Tier 1 (full launch). Net-new product, major feature reshaping the product narrative, pricing change, breaking change. Full playbook: positioning, all comms channels, sales enablement, customer success briefing, dedicated post-launch measurement, executive announcement.
Tier 2 (focused launch). Meaningful improvement that materially affects user value or competitive positioning. Subset of the playbook: in-app comms, blog post or release note, support readiness, rollout strategy, post-launch measurement.

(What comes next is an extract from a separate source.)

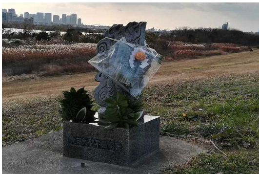
淀川右岸 11.5 km付近 大日大聖不動明王

大日大聖不動明王には、お正月のしめ飾りが飾られており、微笑ましい光景でした。ここは日頃から、散歩がてら手を合わす人の姿をよく見かけます。どなたかが飾られたのでしょうか。

Tier 3 (release note). Incremental improvement, bug fix made positive, polish. Minimal: changelog entry, release note, light monitoring.
The trap on either side.
- Treating every release as Tier 1 produces comms fatigue. Customers tune out the announcement firehose; your real Tier 1 launches lose signal in the noise.
- Treating every release as Tier 3 produces unlaunched features. The feature ships, the metric does not move, the team concludes "users do not want this" when the actual cause is "users were not told."
Match the tier to the feature. This skill primarily covers Tier 1 and Tier 2. Tier 3 is mostly the changelog discipline; the launch playbook applies but compressed to the changelog entry plus light monitoring.
Detail in references/launch-tier-decision.md.
Pre-launch: positioning
Positioning answers: who is this for, what problem does it solve, why now, and what is the user-visible promise.
The positioning canvas. One page, filled out before any comms drafting.
- Target user. Segment, role, jobs-to-be-done. Specific enough that a sales rep could describe the customer profile in one sentence.
- Problem it solves. Specifically, in user words. Not "we improve productivity"; instead "the customer support manager who needs to triage 200 tickets a day cannot tell which are urgent without opening each one."
- Current alternative. What users do today without this. The status quo is the real competition.
- User-visible promise. One sentence. The promise the user will hear when they encounter the feature in the wild.
- Proof points. Three to five specific capabilities or outcomes. Concrete, not adjectives.
- Anti-positioning. What this is NOT, what it does not try to do. Prevents over-promising.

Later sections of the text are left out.